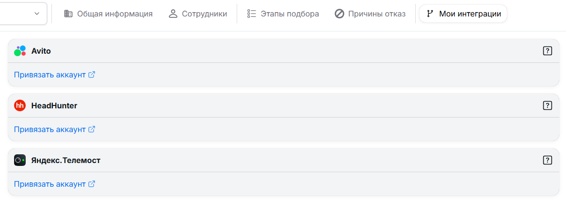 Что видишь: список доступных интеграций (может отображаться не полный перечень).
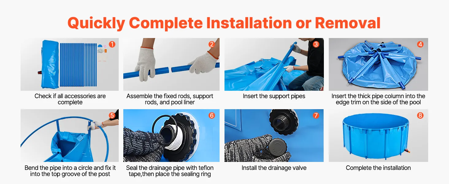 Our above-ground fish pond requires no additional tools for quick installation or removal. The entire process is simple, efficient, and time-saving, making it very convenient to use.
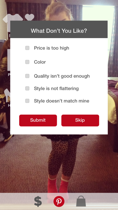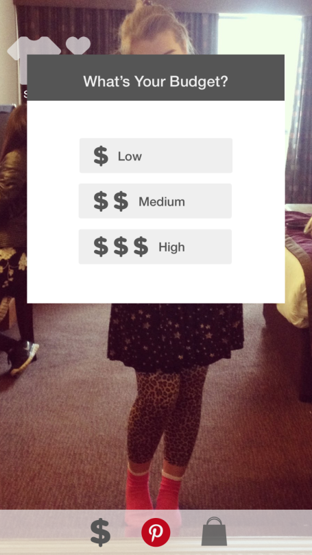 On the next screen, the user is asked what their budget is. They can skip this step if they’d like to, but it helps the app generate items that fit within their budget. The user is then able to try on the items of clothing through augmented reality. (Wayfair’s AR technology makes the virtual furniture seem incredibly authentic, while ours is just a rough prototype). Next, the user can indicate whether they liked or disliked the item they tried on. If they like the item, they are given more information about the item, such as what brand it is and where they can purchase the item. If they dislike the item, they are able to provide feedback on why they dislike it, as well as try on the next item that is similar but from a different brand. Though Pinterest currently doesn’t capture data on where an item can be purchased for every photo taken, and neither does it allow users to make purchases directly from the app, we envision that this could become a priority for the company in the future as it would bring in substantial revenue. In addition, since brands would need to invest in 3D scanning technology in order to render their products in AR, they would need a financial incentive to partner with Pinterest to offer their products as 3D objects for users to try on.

* * *

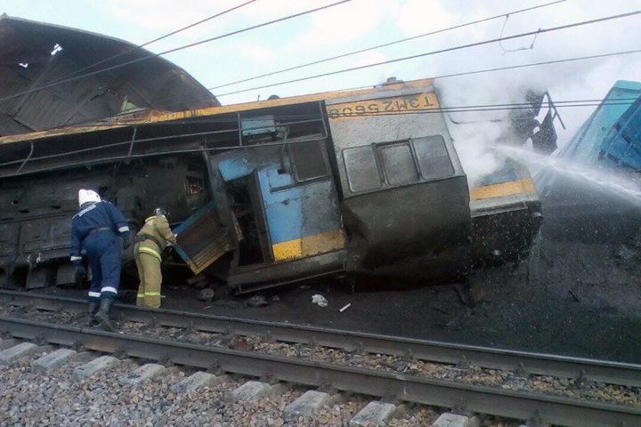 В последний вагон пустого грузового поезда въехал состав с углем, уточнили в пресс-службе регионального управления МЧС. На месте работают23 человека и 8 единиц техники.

---

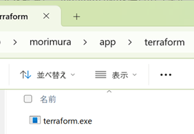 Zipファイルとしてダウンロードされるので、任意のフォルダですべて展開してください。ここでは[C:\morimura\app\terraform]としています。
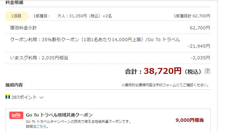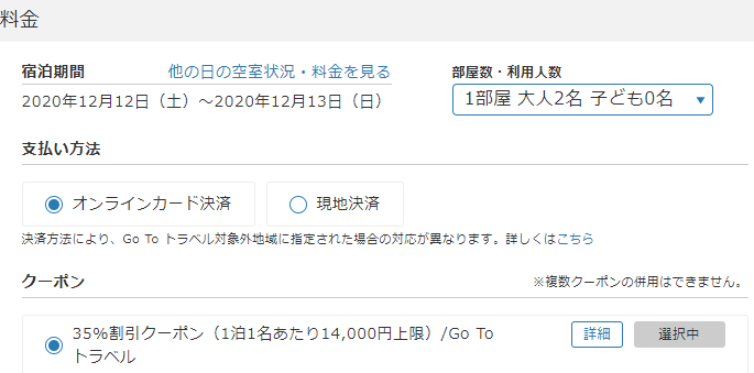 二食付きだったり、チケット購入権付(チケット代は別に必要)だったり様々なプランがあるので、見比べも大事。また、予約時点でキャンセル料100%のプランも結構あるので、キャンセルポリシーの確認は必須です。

- _INSTRUCTIONS FOR THE TASK_
Write out the lines above from the one with "Zipファイルとしてダウンロ" through the one with "二食付きだったり、チケット購", ends included, exactly; no picture goes in.

- _ANSWER BOX_
 Zipファイルとしてダウンロードされるので、任意のフォルダですべて展開してください。ここでは[C:\morimura\app\terraform]としています。
 二食付きだったり、チケット購入権付(チケット代は別に必要)だったり様々なプランがあるので、見比べも大事。また、予約時点でキャンセル料100%のプランも結構あるので、キャンセルポリシーの確認は必須です。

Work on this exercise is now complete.